Ad Testing Done Right:
A Scientific Guide From
The Pros

Brad Geddes
Brad Geddes
Co-Founder, AdAlysis

Ads are the only part of a PPC account that a searcher ever sees.

All your other settings and targets just tell a search engine if your ad should be displayed or not to a searcher. In the end, ads are one of the most important aspects of an entire PPC account.

Testing ads can increase your conversions, lower your cost per conversion, increase your quality score, and offer many other benefits across your account.

However, most ad testing is not done correctly.

This happens when advertisers don’t have a solid approach to understanding what they want to test and how to pick winning metrics based upon data and not guesswork.

In this guide to ad testing, I’ll walk you through exactly how to test your ads scientifically so you can make informed decisions about how to run and measure ad tests so you can improve your paid search accounts.

The Types of Ad Testing

There are two ways to test ads; and each has its own advantages and disadvantages. We will lay out each testing method so you can make informed decisions about how you want to test.

Single Ad Group Testing

The most common type of ad testing is single ad group testing. This is an ad test where you create two or more ads within an ad group and then pick your top ad once you receive results.

Looks like this
Looks like this

This is commonly referred to as A/B testing.

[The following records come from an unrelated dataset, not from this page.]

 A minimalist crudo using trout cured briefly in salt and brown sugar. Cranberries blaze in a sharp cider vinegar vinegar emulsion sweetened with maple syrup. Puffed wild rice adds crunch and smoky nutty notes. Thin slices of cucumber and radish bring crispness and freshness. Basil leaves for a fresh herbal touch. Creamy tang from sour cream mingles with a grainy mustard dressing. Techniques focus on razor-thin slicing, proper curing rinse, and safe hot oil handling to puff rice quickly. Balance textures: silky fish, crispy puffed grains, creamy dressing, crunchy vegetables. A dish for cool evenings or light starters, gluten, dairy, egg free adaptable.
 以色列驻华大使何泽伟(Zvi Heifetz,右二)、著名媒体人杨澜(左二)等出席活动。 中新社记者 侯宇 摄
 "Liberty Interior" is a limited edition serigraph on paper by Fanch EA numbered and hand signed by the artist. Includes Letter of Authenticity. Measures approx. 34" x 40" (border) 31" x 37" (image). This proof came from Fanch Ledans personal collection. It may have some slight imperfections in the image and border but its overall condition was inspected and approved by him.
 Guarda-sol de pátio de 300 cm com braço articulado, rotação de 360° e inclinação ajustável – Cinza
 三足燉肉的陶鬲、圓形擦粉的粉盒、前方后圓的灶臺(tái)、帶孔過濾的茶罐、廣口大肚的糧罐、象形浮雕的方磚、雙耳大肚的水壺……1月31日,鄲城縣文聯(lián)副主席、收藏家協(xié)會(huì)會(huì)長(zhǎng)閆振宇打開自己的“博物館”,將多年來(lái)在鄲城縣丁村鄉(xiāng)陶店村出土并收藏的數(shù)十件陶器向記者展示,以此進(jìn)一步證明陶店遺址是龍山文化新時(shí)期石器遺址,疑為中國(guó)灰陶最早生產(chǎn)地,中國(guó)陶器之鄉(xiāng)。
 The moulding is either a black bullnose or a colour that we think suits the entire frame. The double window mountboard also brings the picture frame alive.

However, many companies use three to five ads within an ad group; so A/B testing is a misnomer as that implies there are only two ads within an ad group.

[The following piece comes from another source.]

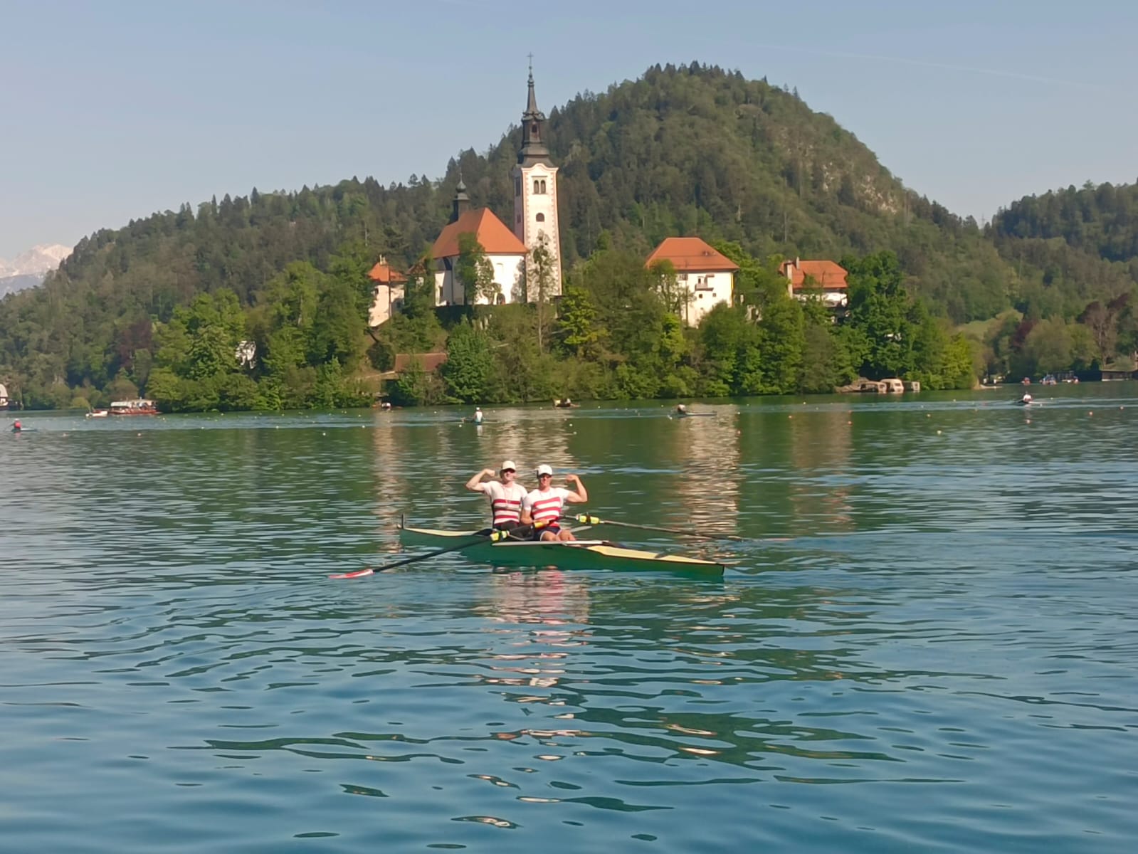 Erstmals wurden die Klagenfurter und die Bleder Regatta zur Alpen Adria Regatta zusammengelegt und soll von heuer an von Jahr zu Jahr alternierend stattfinden. Den Beginn dieser Kooperation machte Bled und der Veldessee zeigte sich von seiner allerschönsten Seite. Feinstes Frühlingswetter, wolkenlos, angenehme 23 Grad, kaum Wind – einfach optimale Regattabedingungen. Die Kulisse war ja schon fast kitschig. Regattaleiter Jernej Slivnik und seinem Team gelang eine großartige Organisation und die starken Teilnehmerfelder sorgten für hohe Qualität und super Wettkämpfe. Es waren Teilnehmerinnen und Teilnehmer aus Ungarn, Slowenien, Italien und Österreich, sogar ein deutsches Team wagte sich in den Süden. Diese Synergie war eine tolle Sache – im Vergleich zu den vergangenen Jahren, wo sich die beiden Regatten zeitgleich konkurrierten und in Klagenfurt wenig los war und in Bled sich das gleiche Bild bot.
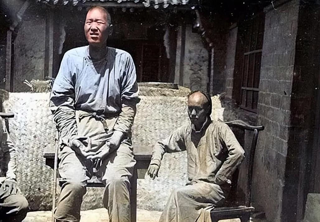 晚清时期的一个巨人此时坐在他旁边的是一个普通的清朝男子,看得出他块头非常大

IMPORTANT NOTE: Single ad group testing is best when you want to find the best message for a single targeting method.

When you consider an ad group; it is comprised of two parts:

  • Targeting method
  • Ads

The targeting method could be keywords, remarketing lists, interests, topics, or even other methods that can trigger your ad to show.

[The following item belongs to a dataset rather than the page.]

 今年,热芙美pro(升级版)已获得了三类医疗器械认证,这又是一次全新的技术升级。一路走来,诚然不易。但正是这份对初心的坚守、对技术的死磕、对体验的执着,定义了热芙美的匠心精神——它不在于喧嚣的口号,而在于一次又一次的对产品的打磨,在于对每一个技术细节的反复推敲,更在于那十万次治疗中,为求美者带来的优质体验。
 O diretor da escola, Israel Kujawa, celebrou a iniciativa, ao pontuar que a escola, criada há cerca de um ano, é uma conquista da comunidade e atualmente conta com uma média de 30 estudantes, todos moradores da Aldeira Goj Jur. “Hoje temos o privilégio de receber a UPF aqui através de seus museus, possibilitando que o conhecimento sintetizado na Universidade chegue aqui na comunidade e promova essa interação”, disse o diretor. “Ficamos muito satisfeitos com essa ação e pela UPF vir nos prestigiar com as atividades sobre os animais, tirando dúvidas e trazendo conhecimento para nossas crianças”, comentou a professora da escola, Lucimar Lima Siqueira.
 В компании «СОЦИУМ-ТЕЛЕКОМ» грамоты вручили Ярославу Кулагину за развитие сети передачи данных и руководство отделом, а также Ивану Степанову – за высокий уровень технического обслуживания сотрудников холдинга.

However, only a single targeting method is triggering your ads, and thus you only learn how an ad relates to that targeting method.

The advantage of single ad group testing is that you will find the best message for a single targeting method. Therefore, this is usually the best testing method for:

  • Brand terms
  • Your top keywords
  • Your targeting methods with a lot of data

The disadvantages of single ad group testing are:

  • Low volume ad groups cannot be tested
  • You don’t receive insights that can be used in other ad groups

If an ad groups does not receive a lot of data, then you will never have enough information to achieve statistical significance in your testing measurements.

In addition, since you are only testing within a single ad group; your results only apply to the ad group where the test was conducted.

If there’s something you learned about your ads and user interactions within one ad group; you can test that message in another ad group; but it may or may not be the best message in that other ad group and thus the need to test the message and not just use it within another ad group is needed.

In order to receive global insights or test low volume ad groups, we can turn to multi ad group testing.

Multi Ad Group Testing

Multi ad group testing is a testing technique where you can test a pattern, line of text, or label across multiple ad groups at once and then aggregate the data across the ad groups included within the test.

There are two main advantages of multi ad group testing.

  • Increased data
  • Global insights

Since you are aggregating data across multiple ad groups, you’ll have more data to work with, and thus low volume accounts and ad groups can be tested at scale.

Of course, you can also test your high volume ad groups with this method as well.

As you are including multiple ad groups within this type of a test, the insights you receive do not just apply to a single ad group; but to all the ad groups included within the test.

Multi Ad Group Testing Examples

For example, here are some common ideas for multi ad group testing:

  • Does using geographies in our ads increase our CTR?
  • Will using Keyword Insertion increase or decrease our conversion rates?
  • Would searchers rather see a discount or free shipping in the ad?
  • Should we use ad customizers?
  • Should our second headline include a benefit, call to action, or an authority line?
  • Should our description focus on a wide variety of products or customer support?
  • Should we use our brand in our ads?

In each of these examples, there are questions to be answered that will help you shape how you write ads across the ad groups being included in the test.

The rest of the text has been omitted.